In the sunrise shot at Pemaquid Point I've used the diagonal composition to create a dominant foreground and the sun as the supporting background. Even though this diagonal line does not lead to the sun, they still compliment each other and are very well balanced.

The photograph of Stonington Harbor in fog uses a strong diagonal leading line to take you across the composition, but not to a specific subject. Your eye can now enjoy the boats in the foggy harbor, starting with the right side where I lead your eye, then back to the left.

This article would not be complete without explaining how to get maximum depth-of-field. In landscape photography, we are trying to have everything from foreground to background tack sharp in our photograph. I stop the lens down to a small opening say, f/16 or f/22 as needed. 

One easy way to assure maximum depth in your photograph is to focus a third of the way into the scene.  Not the actual distance of the closest object in your picture to the farthest, but a third of the way into your frame as you look through the viewfinder. Use your depth-of-field preview button to stop the lens down to its taking aperture to visually check and see if everything looks sharp. Take your time and allow your eye to adjust to the darkened image in the viewfinder. A 'dark cloth' or coat can be handy to shield the sun as you look into the viewfinder. Depth-of-field and critical focus, are very important when you're working with more intimate landscapes like the ferns I photographed in Vermont. 

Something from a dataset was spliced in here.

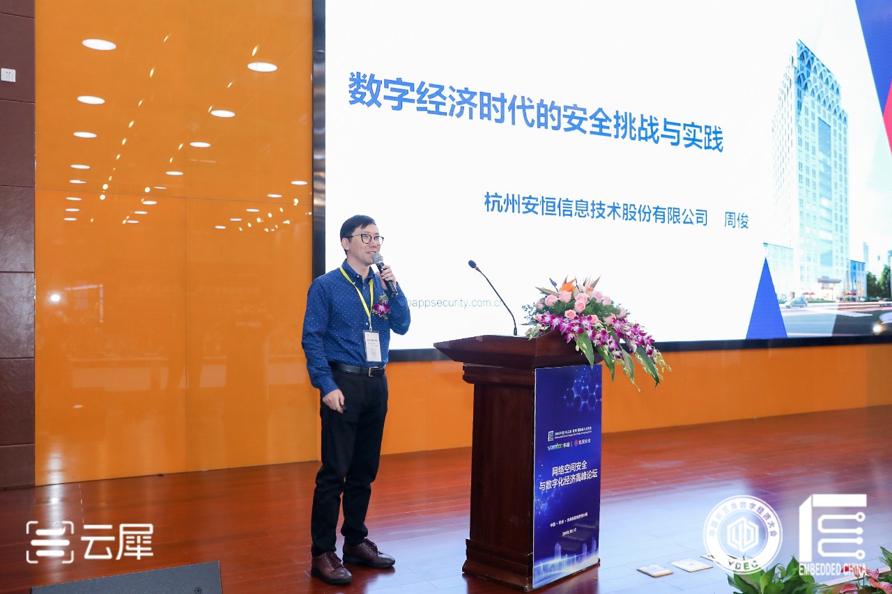 安恒信息智慧城市運(yùn)營中心總監(jiān)周俊受邀參加了本次論壇,并進(jìn)行了《數(shù)字經(jīng)濟(jì)時(shí)代的安全挑戰(zhàn)與實(shí)踐》的主題分享。周俊認(rèn)為,在數(shù)字經(jīng)濟(jì)時(shí)代,數(shù)據(jù)成為了新的生產(chǎn)要素,驅(qū)動(dòng)了商業(yè)模式的變革,數(shù)據(jù)安全正在成為新商業(yè)模式的重要一環(huán)。周俊在演講中全面分析了當(dāng)前數(shù)據(jù)安全面臨的挑戰(zhàn),并提出了安恒信息以數(shù)據(jù)為中心的安全體系建設(shè)思路。

Practice makes perfect as they say, so in conclusion, ask yourself the following questions before you take your next photograph and I'm sure you'll reach that goal of 'Getting that 4x5 look with your 35mm.'

Is my horizon line straight? Do I have any junk in my frame that I didn't notice when I first set up this shot? How is my depth-of-field and my focus? Is everything sharp front to back? Is there anything in this composition that allows me to use the basic design elements of line, shape, texture and form? How is the lighting? A hazy day or harsh midday light won't help give you that crisp sharp image you need to get that 4x5 look. Am I using any foreground subjects to ad that three-dimensional look to the composition?

Photographic locations:
1. Great Smoky Mtns, Tennessee
2. Annasquam Light, Massachusetts
3. Portland Head Light, Maine
4. Smoky Mtns, North Carolina
5. White Water Falls, North Carolina
6. Lefforts Pond, Vermont
7. Bass Harbor Light Mt. Dessert Island, Maine
8. Pemaquid Point, Maine
9. Stonington Harbor, Maine
10. Acadia NP, Maine
11. Quechee, Vermont

Note: All the photographs taken in this article were with either the Nikon N-90S or F100 bodies and Fuji Velvia slide film. Tokina's Pro series lenses were used, along with Hoya multi-coated filters. I have been working for the past two years with carbon fiber tripods from Hakuba USA Inc. and I'm very pleased with their performance.